Regel-basiertes Tagging

Morphologieanalyse und Lexikonaufbau (7. Vorlesung)

Dozent: Gerold Schneider

Übersicht


Regel-basiertes Tagging (Brill-Tagging)

Lit.: [Brill 92], [Brill 94]

Die CL-Gruppe in Zürich hat den Brill-Tagger für das Deutsche trainiert.

Vorteile von regelbasierten Systemen:

Brills Tagger:

Lernphase

  1. Zuerst werden POS-Wahrscheinlichkeiten aus einem getaggten Korpus (hier Brown Corpus) ermittelt. Damit wird ein Vollformenlexikon aufgebaut. (z.B. die höchste Wahrscheinlichkeit für run ist Verb)
  2. Präfix- und Suffixwahrscheinlichkeiten werden aus dem getaggten Korpus automatisch ermittelt. (z.B. ein Wort auf -ous ist wahrscheinlich Adjektiv)
  3. Der Algorithmus wendet seine gelernten POS-Wahrscheinlichkeiten an und vergleicht seine Tagging-Ergebnisse mit den im getaggten Corpus vorgegebenen und leitet Änderungsregeln zu vorgegebenen Regelmustern ab:

    Change tag `a' to tag `b' when:

    1. The preceding (following) word is tagged `z'.
    2. The word two before (after) is tagged `z'.
    3. One of the two preceding (following) words is tagged `z'.
    4. One of the three preceding (following) words is tagged `z'.
    5. The preceding word is tagged `u' and the following word is tagged `z'.
    6. The preceding (following) word is tagged `u' and the word two before (after) is tagged `z'.
    7. The preceding (following) word is `w'.
    8. The word two before (after) is `w'.
    9. One of the two preceding (following) words is `w'.
    10. The current word is `v' and the preceding (following) word is `w'.
    11. The current word is `w' and the preceding (following) word is tagged `z'.

    Für jede Regelvariante <tag_a, tag_b, Variantennummer> wird berechnet, wie oft sie richtige und wie oft sie falsche Ergebnisse liefert. Die Differenz ergibt die Verbesserungssumme. Die Regelvariante mit der besten Verbesserungssumme wird angewendet.
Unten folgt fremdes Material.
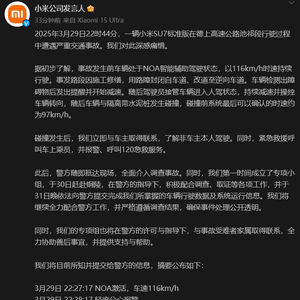 2025年3月29日22时44分,一辆小米SU7标准版在德上高速公路池祁段行驶过程中遭遇严重交通事故。小米公司对此深感痛惜。
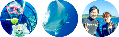 石垣島のキレイな海で講習をするので不安が少なく、講習中も周りにはキレイな魚達がいっぱいいるので、楽しく出来ますよ♪運がよければ、講習中にマンタに会えるかも!?
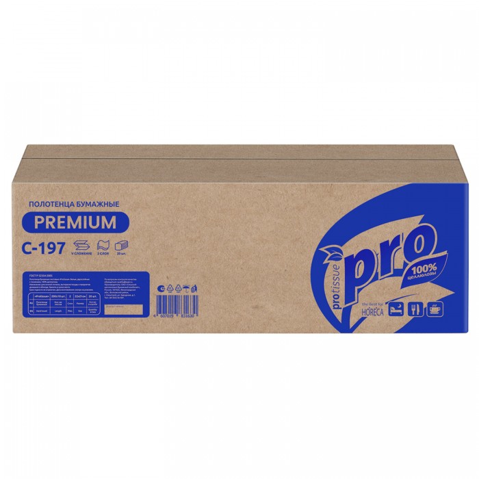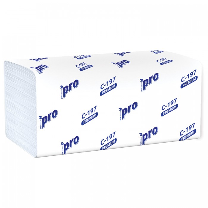 Полотенца бумажные 200 шт., PROtissue (H3) PREMIUM, 2-слойные, белые, КОМПЛЕКТ 20 пачек, 22х21 см, V-сложение, С197, C197
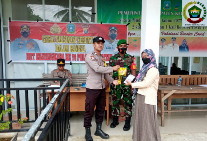 Bursakota.co.id, Anambas – Babinsa Koramil 07/Palmatak Kodim 0318/Natuna, Sersan Dua (Serda) ferry Susanto melaksanakan kegiatan pengamanan (Pam) di gerai Vaksinasi UPT Puskesmas Palmatak, Jumat (17/6/2022).

Bsp.: Der Tagger markiert ursprünglich 159 Wörter als Verben, die Nomen sein sollten. Mit der Regel "Ändere Tag von Verb zu Nomen, falls eines der zwei vorhergehenden Wörter als Determiner getaggt ist." werden 98 Fälle (von den 159) korrigiert, aber es werden 18 andere Fehler erzeugt. Die Verbesserungssumme ist also (98-18=) 80.

Bsp. für zwei vom englischen System ermittelte Regeln:

 1. 	TO IN Next-tag AT

Ein mit TO (to-Infinitiv) getaggtes Wort wird mit IN (Präposition) getaggt, falls das nächste Wort mit AT (Artikel) getaggt ist.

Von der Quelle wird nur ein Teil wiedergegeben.